Work instruction – Among the entries below, only the lines from the one with "一个女生,工作形象照,黑色旗袍,红色背景,新中式" through the one with "SEM micrographs of" are to be retyped, exactly and without pictures.

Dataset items

⟨

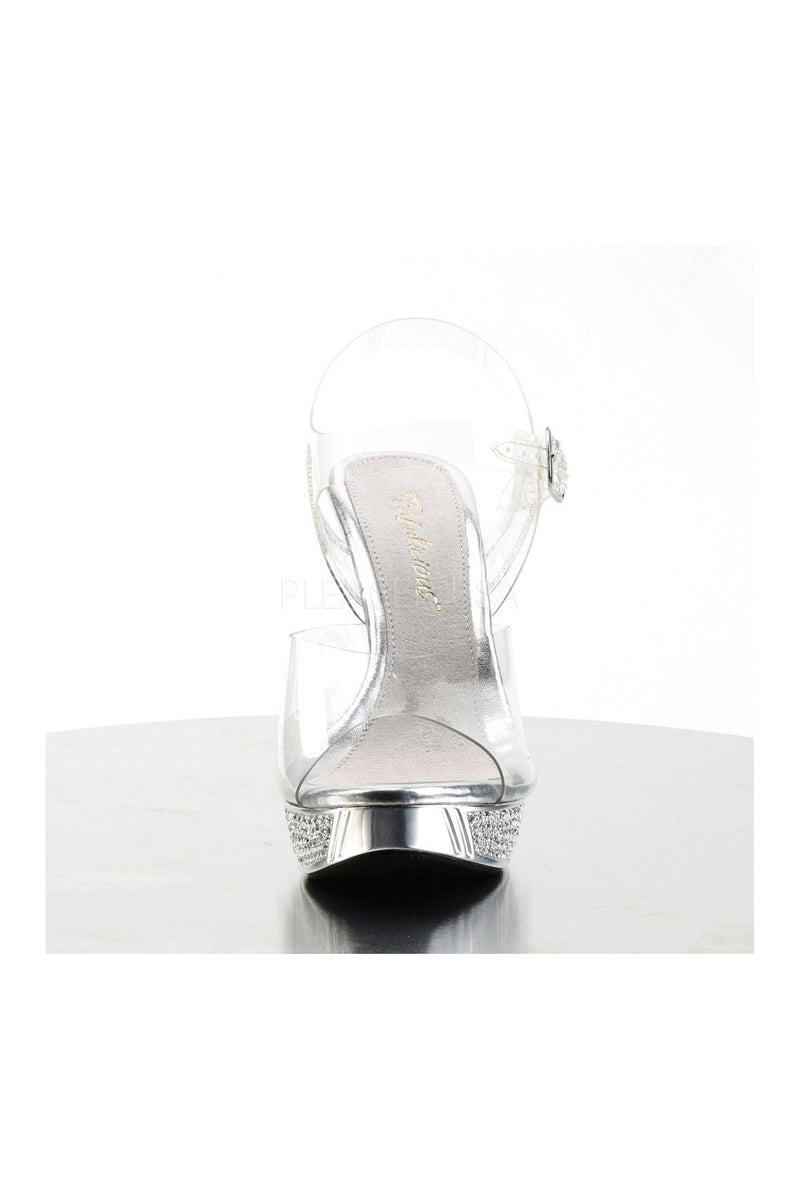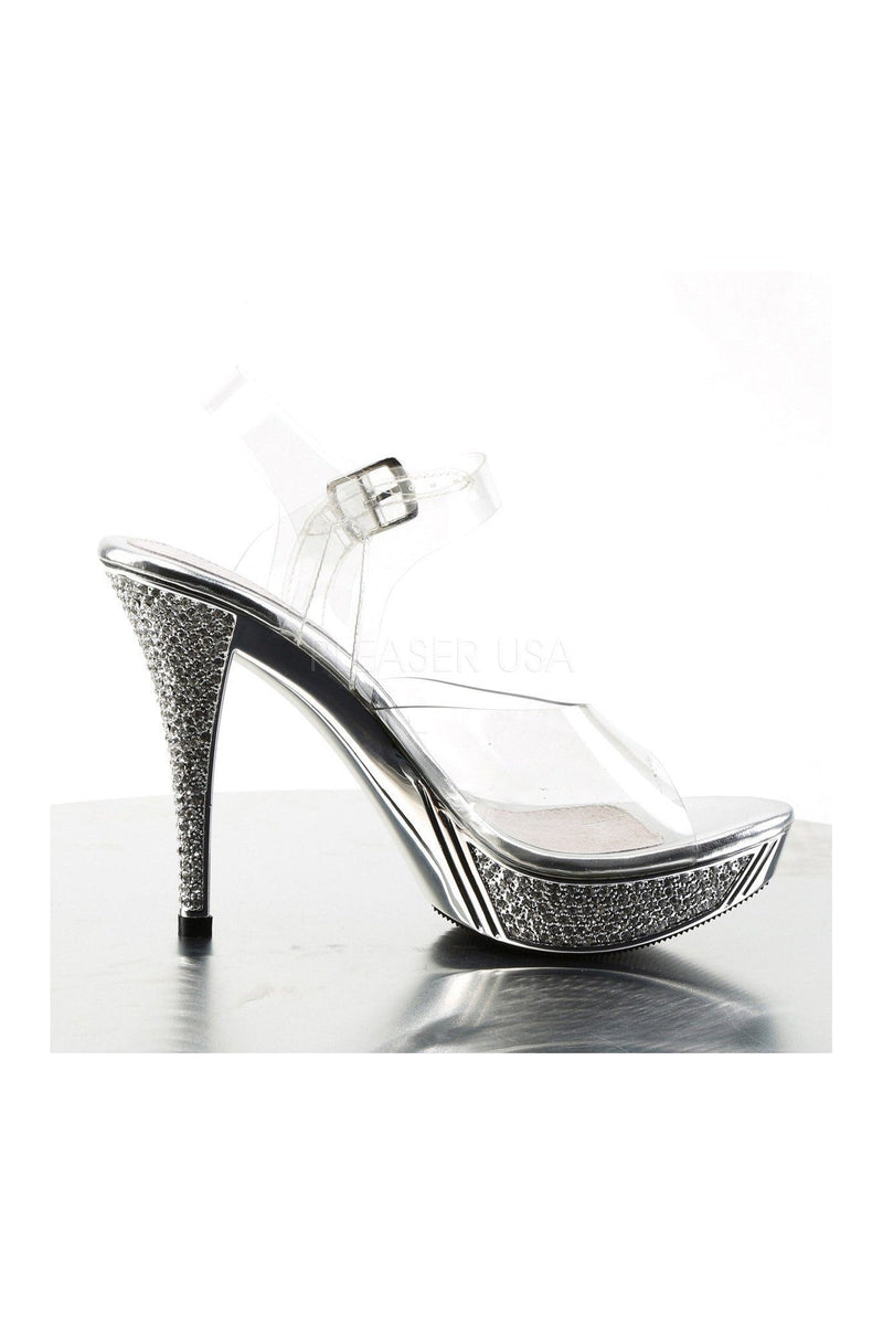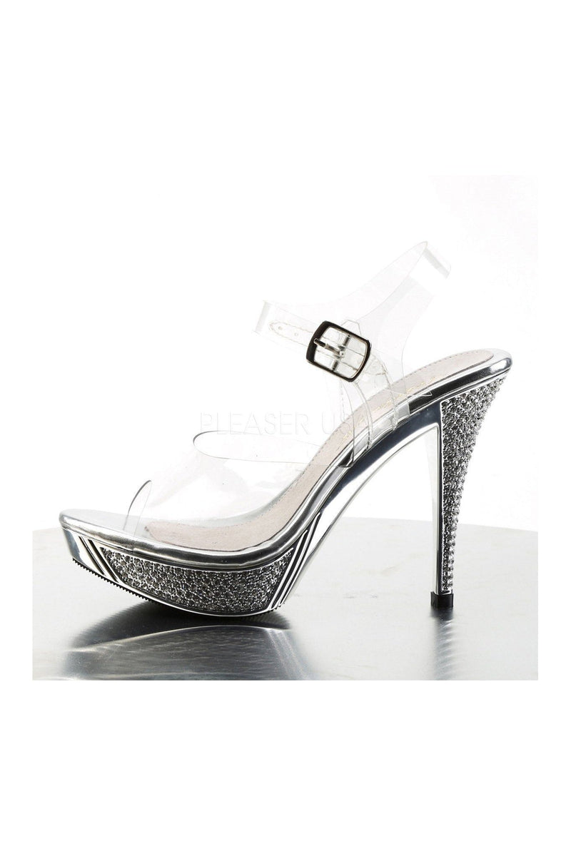 4 1/2" (11.4cm) Heel with 1" (2.5cm) Platform Ankle Strap Sandal Featuring Rhinestone Embellished Heel and Platform
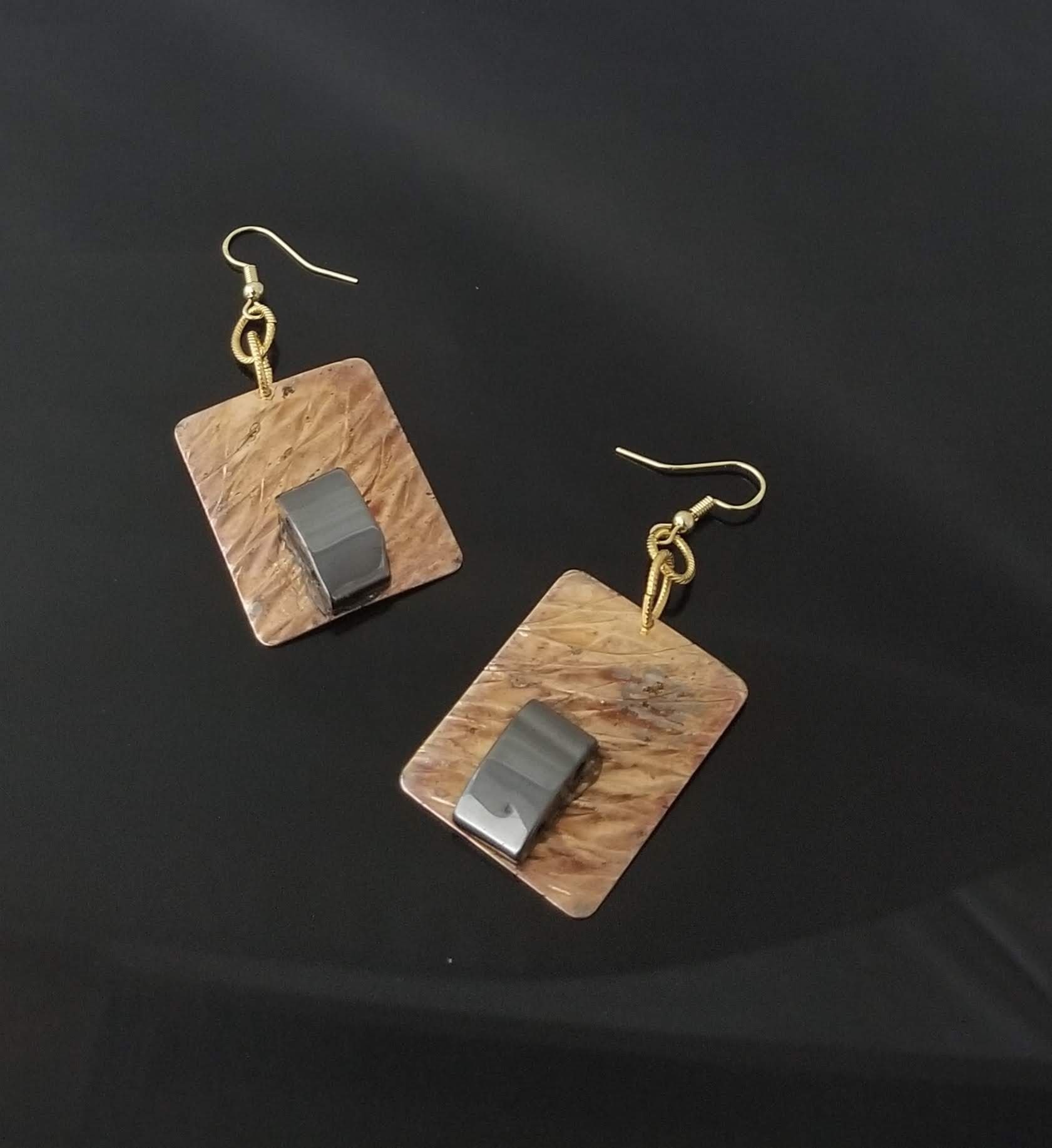 Item# 804227-2 in Metal flats with Hematite accents. Gold hooks
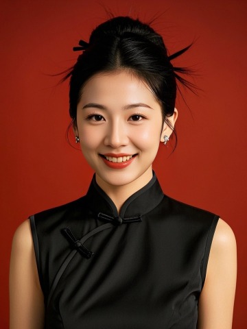 一个女生,工作形象照,黑色旗袍,红色背景,新中式
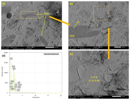 SEM micrographs of ternary mixture after 56-day ASR test: (a) ternary mixture containing 55C-15FFA-30LSP; (b) enlarged SEM image of 55C-15FFA-30LSP mixture; (c) C-S-H or C-A-S-H formation on the surface of WGS; and (d) EDS pattern of C-S-H or C-A-S-H.
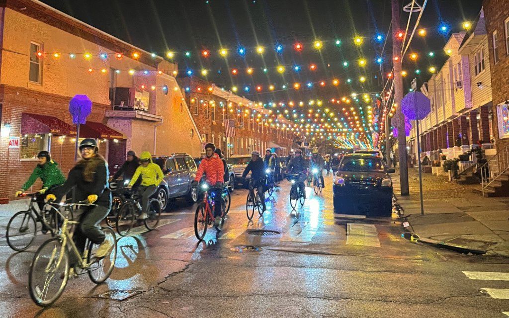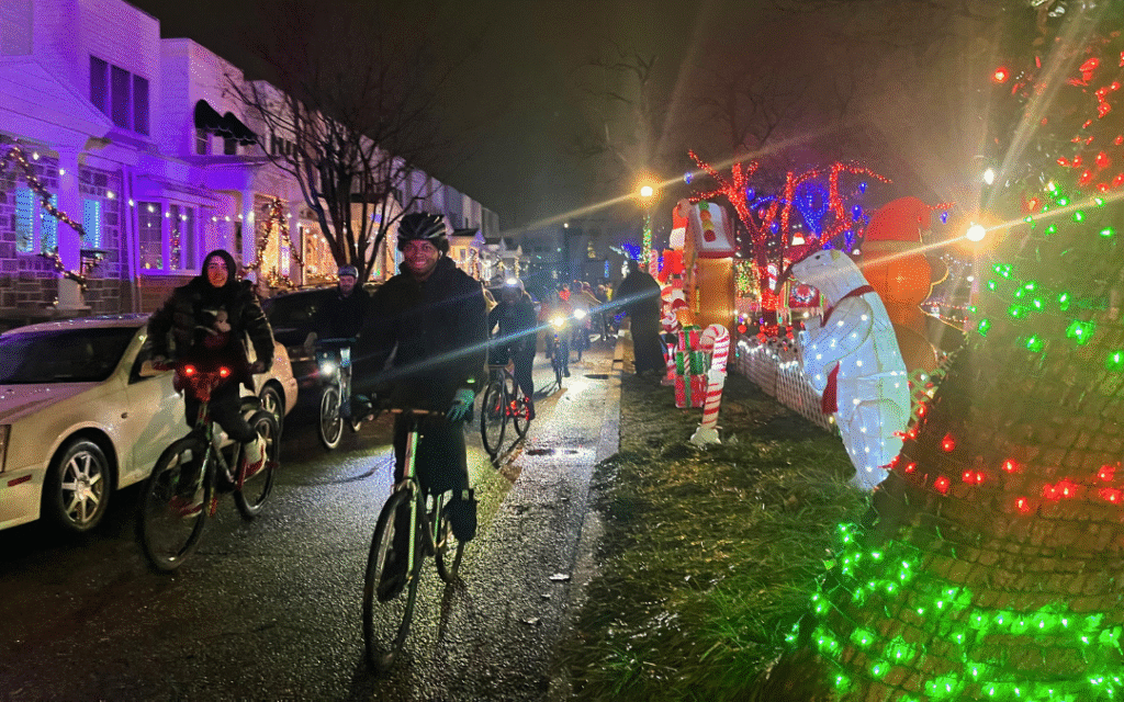 This ride would not have been possible without our more than twenty volunteer marshals, including members of Wednesday Night Rides and youth cyclists from BCYC. If you were there, THANK YOU for bringing your best festive spirit! We are overjoyed to have so much participation in this ride—Holiday Lights has been a hallmark of the Coalition’s programming for years, at its core an essentially Philly experience, eagerly anticipated and fun for both staff and across families in our community.

⟩

Exercise output –
 一个女生,工作形象照,黑色旗袍,红色背景,新中式
 SEM micrographs of ternary mixture after 56-day ASR test: (a) ternary mixture containing 55C-15FFA-30LSP; (b) enlarged SEM image of 55C-15FFA-30LSP mixture; (c) C-S-H or C-A-S-H formation on the surface of WGS; and (d) EDS pattern of C-S-H or C-A-S-H.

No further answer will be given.